The genomic structure is schematized within the context of a generally accepted phylogeny of orangutan, gorilla, chimpanzee and human. A tiling path of BAC clones was sequenced for each haplotype (dashed lines Illumina/solid lines PacBio or capillary finished sequence). A total of 66 BACs were completely sequenced and used to determine the SD organization (colored boxes). Colored boxes with lighter shades indicate segments that are single copy but duplicated in other species. Nonhuman primates lack most of the larger duplications (including CNPα and CNPβ) observed in humans but do carry ancestral GOLGA8 repeats. The region has expanded from 1.8–1.9 Mbp in nonhuman apes to 2–3 Mbp in humans as a result of SD accumulation (colored rectangles). The size of each haplotype is indicated on the right, with the size of the duplicated bases in parentheses. The addition of a polymorphic 500 kbp at BP4 occurred specifically in the human lineage, associated with an expansion of the GOLGA8 repeats at BP4 (CN=6 compared to CN=2 in human simpler haplotypes and nonhuman primates). Sequence and FISH data indicate that chimpanzee and orangutan were found to be in direct orientation while gorilla was found to be in inverse orientation for the γ inversion suggesting separate inversion events occurred at this locus across primate species.

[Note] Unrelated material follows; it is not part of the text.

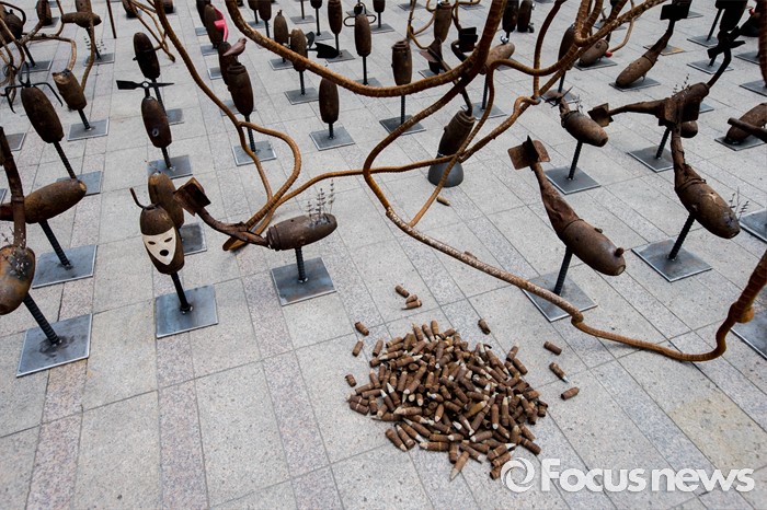 (서울=포커스뉴스) 22일 오후 서울 중구 서울광장에서 '전쟁 없는 세상을 위한 에이이브이(Art's Eye View) 프로젝트 전시가 열리고 있다. 미공군의 사격장으로 쓰였던 경기도 매향리에서 반출된 포탄 및 탄피를 활용, 1000여점의 예술작품으로 만든 이번 전시는 오는 24일까지 열릴 예정이다.

Figure 5. Model of chromosomal 15q13.3 evolution

Based on comparisons to outgroup primates, we propose a simpler human ancestral organization (Hα₁)—a configuration that is found enriched in contemporary African populations. A 510 kbp duplicative transposition from BP5 to BP4 (α and β duplications) occurred potentially in a palindromic configuration (Hα₂), followed by an inversion of β at BP4 (Hα₂β_inv) between 700–900 thousand years ago. NAHR within BP5 leads to tandemization of the 510 kbp duplication (Hα₃) and larger configurations primarily in East Asian populations. Approximately 500 thousand years ago, the 1.8 Mbp γ inversion independently rearranged to the Hα₁γ_inv inverted haplotype.

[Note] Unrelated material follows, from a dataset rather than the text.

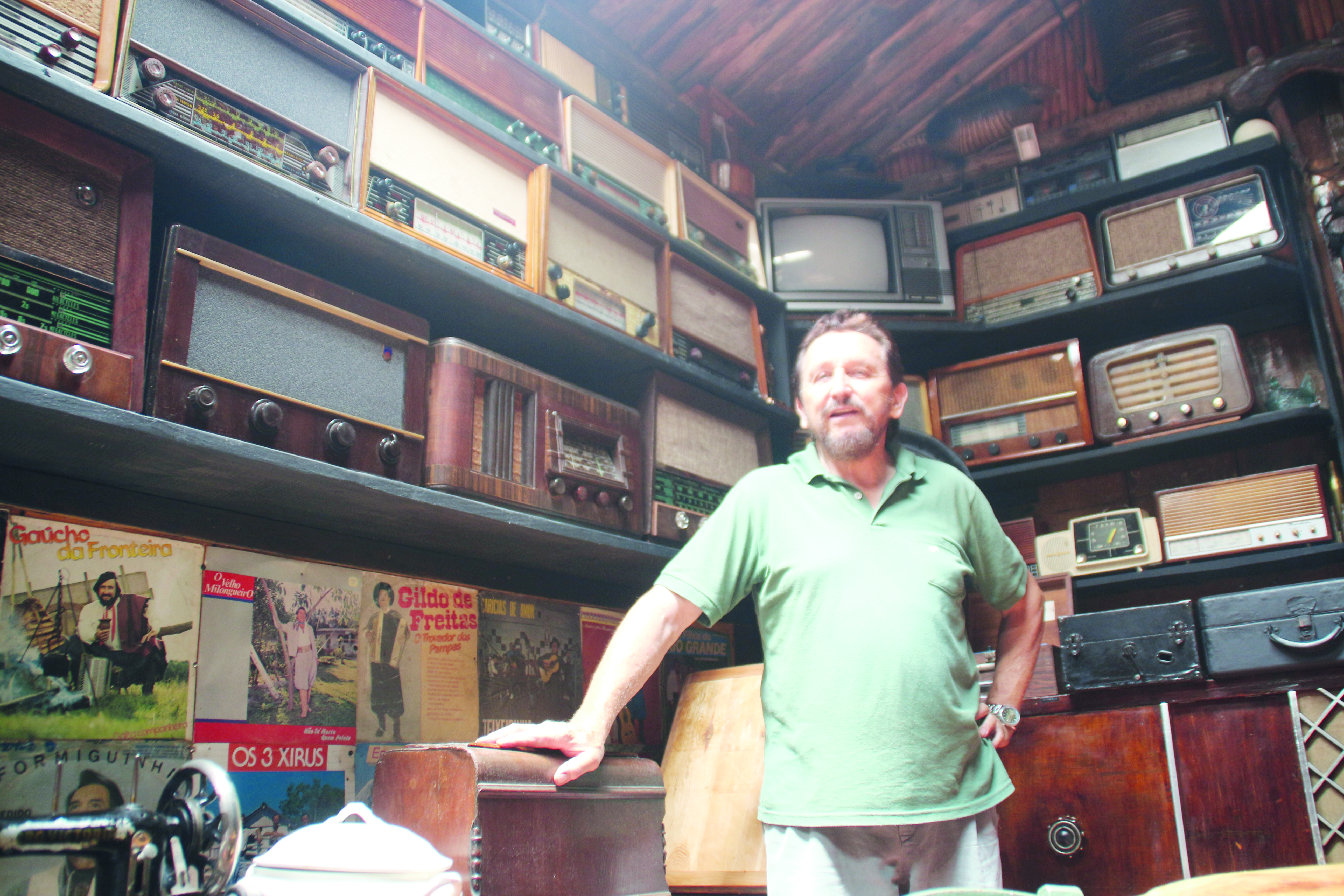 Relíquias como rádios, vitrolas e gramofones e discos, estão funcionando em perfeito estado. "Muitos que não conseguem consertar, eu mesmo faço a restauração deixando como ele era quando funcionava", comenta. Nas paredes estão artigos curiosos como um tirador de botas ou um rabo de uma vaca. "Este servia para os antigos guardarem e limparem os pentes" destaca.

Figure 6. 15q13.3 microdeletion breakpoints analysis

Array CGH data for two 15q13.3 microdeletion patient samples are mapped against the GRCh37 human reference. The microdeletion breakpoints map within a 500 kbp region (yellow boxes) where both α and β SDs are mapping. Digital comparative genomic hybridization (dCGH) was used to detect regions of gain or loss in probands (p1) compared to their parents (mo, mother; fa, father). The method measures differences in Illumina sequence read-depth compared to a reference genome to define sites of copy number variation. Paralog-specific read-depth analysis in each proband and their parents was performed at all sites where both parents had the expected copy number of 2. This allowed us to refine proband 13647.p1 breakpoints to a 13 kbp segment and proband 13301.p1 breakpoints to a 30 kbp between BP4 and BP5 (red boxes). The two probands have different breakpoints but in both cases the breakpoints map at or adjacent to the GOLGA8 repeats.

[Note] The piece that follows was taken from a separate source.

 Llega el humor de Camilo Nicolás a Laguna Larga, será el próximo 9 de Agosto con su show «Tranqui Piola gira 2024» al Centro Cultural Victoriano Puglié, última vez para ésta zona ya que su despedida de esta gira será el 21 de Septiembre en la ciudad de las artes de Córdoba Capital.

Figure 7. Summary of 15q13.3 rearrangements mediated by GOLGA8 repeats

Shown are eight independent rearrangements at the 15q13.3 region. Colored boxes indicate the breakpoints identified for each rearrangement (Supplementary Table 10). The size and the percent of similarity of the paralogous sequences at the rearrangement breakpoints are shown.